▶ **TASK REQUIREMENTS**: For the listing below, the answer is an exact retyping of the lines from the one with "Avec le vent" through the one with "Confident Man in Stylish T-Shirt and Shorts", both included, without pictures.

▶ **SUPPLIED RECORDS**:
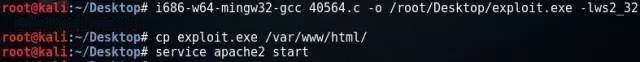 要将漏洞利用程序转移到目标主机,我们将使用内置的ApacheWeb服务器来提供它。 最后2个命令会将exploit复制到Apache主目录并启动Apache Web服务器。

==

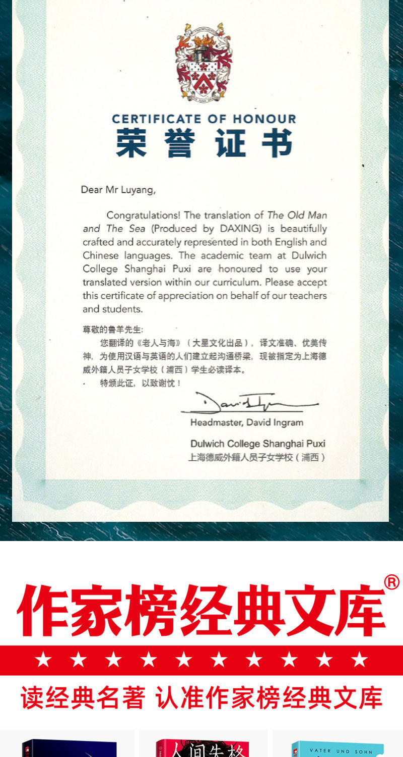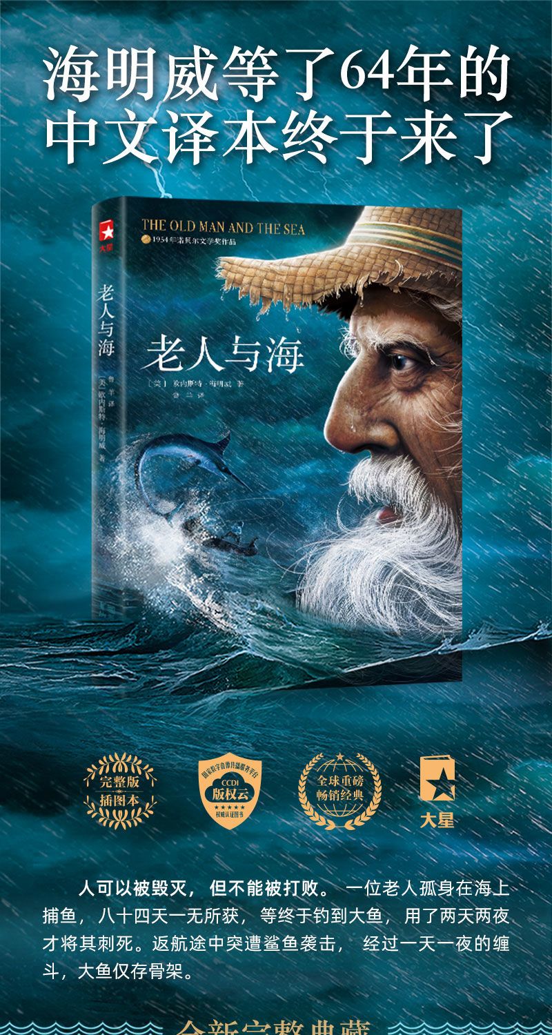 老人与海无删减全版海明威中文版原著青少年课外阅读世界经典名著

==

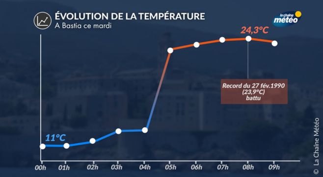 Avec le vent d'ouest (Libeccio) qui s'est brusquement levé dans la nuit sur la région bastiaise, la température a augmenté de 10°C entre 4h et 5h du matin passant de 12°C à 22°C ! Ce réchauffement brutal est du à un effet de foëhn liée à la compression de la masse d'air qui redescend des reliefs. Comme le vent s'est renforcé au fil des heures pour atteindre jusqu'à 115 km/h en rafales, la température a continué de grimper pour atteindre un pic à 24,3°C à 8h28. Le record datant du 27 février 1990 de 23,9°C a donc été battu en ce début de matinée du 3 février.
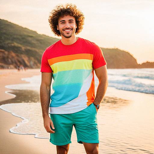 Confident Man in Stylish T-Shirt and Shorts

▶ **SOLVED EXERCISE**:
 Avec le vent d'ouest (Libeccio) qui s'est brusquement levé dans la nuit sur la région bastiaise, la température a augmenté de 10°C entre 4h et 5h du matin passant de 12°C à 22°C ! Ce réchauffement brutal est du à un effet de foëhn liée à la compression de la masse d'air qui redescend des reliefs. Comme le vent s'est renforcé au fil des heures pour atteindre jusqu'à 115 km/h en rafales, la température a continué de grimper pour atteindre un pic à 24,3°C à 8h28. Le record datant du 27 février 1990 de 23,9°C a donc été battu en ce début de matinée du 3 février.
 Confident Man in Stylish T-Shirt and Shorts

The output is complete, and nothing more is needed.